Initially, descriptive analysis of socio-demographic characteristics was carried out. The analysis of characteristics was based on the sample of patients, which have returned the 5L from t1 to t3. Psychometric analysis was based on follow-up data from t1 to t3. By generating a physical function domain for the SIS, comparison to the 5L index was facilitated, as the focus of the 5L dimensions lies primarily within physical aspects (MO, SC, UA, PD).

Feasibility

Feasibility was determined by absolute numbers and percentage of missing values per dimension and completion rate of the whole 5L questionnaire. The corresponding EQ VAS was analyzed in terms of completion rate. Likewise, the domains and individual items of the SIS, were assessed by absolute numbers and percentage of missing scores. Additionally, the domains and the overall questionnaire were assessed by completion rate. In order to compare the feasibility of both measures, the 5L index was contrasted to each domain of the SIS. Furthermore, feasibility of the measures respective VAS was compared. Patients who have returned the instrument of interest at all time points were considered for the analysis of feasibility.

Floor and ceiling effects

For the 5L, profiles of “11111” and “55555” were considered for floor and ceiling effects, respectively. Analogously, the calculated score of 0 or 100 indicated either floor or ceiling effects in the domains of the SIS, the SIS VAS and the EQ VAS. According to Terwee et al. (2007), a threshold of > 15% of the respondents achieving the highest or lowest possible score, served as indication for a ceiling or floor effect [44]. As the analysis of floor and ceiling effects requires completed instruments or domains (complete case analysis), patients with a complete 5L index or SIS domains at the respective time points were considered for the analyses.

Responsiveness

For the responsiveness analysis the BI was utilized as an external anchor.
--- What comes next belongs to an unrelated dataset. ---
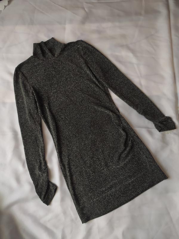 Блестящее платье с длинным рукавом. Тонка. Застегивается сбоку на молнию. Материал: 60% нейлон, 35% металлик, 5% эластан. Подойдет на XS-S. Замеры:'ширина в плечах 33см, пог 40см, пот 34см, пос 39см, длина 75см.

Since no “gold standard” has been established, relevant change was determined by minimal clinically important difference (MCID) as estimated by Hsieh and colleagues [45] and adjusted by the team of Golicki [18]. A change of the BI by ≥ 9.25 points between two time points was considered as either improvement or as deterioration. Patients with a change in the BI < 9.25 points between two time points were regarded as stable. In the analysis, responsiveness was determined by Effect Size (ES) and Standardized Response Mean (SRM). Both ES (mean change in scores, divided by the standard deviation of baseline scores [46]) and SRM (mean change in scores divided by the standard deviation of the change score [47]) were interpreted according to commonly accepted criteria: > 0.8 large, 0.5–0.8 moderate and < 0.5 small [48]. For the assessment of responsiveness of the 5L index, the SIS physical function domain and respective VAS, a complete case analysis from t1, to t3 was used to ensure the analysis of one cohort.

Known-groups validity

Due to non-normality of the data, nonparametric tests were used to determine known-groups validity: Kruskal-Wallis H test and Wilcoxon rank-sum test (two-sided due to non-uniform directions of scores between groups according to instrument). If the omnibus test produced statistically significant results, a nonparametric post-hoc Dunn-Bonferroni test was performed. Complete cases were used for this analysis. It was hypothesized that HRQoL measured by the 5L, SIS, their respective VAS and select dimensions would differ by age [49,50,51], sex [50, 52], mRS [49, 51, 53], BI [54,55,56] and type of stroke [57]. For the analyses, age groups were categorized as follows: ≤ 44, 45–49, 50–54, 55–59, 60–64, 65–69, 70–74, 75–79, 80–84 and ≥ 85. BI was grouped into five categories: 0–24, 25–49, 50–74, 75–99 and 100. Known-groups validity was examined cross-sectionally by including patients with complete questionnaires or domains at t1. To contrast the 5L and the SIS, the following comparisons were made: 5L index vs. SIS physical function domain; EQ VAS vs. SIS VAS; 5L AD vs. SIS depression; 5L UA vs. SIS ADL/IADL; 5L MO vs. SIS mobility.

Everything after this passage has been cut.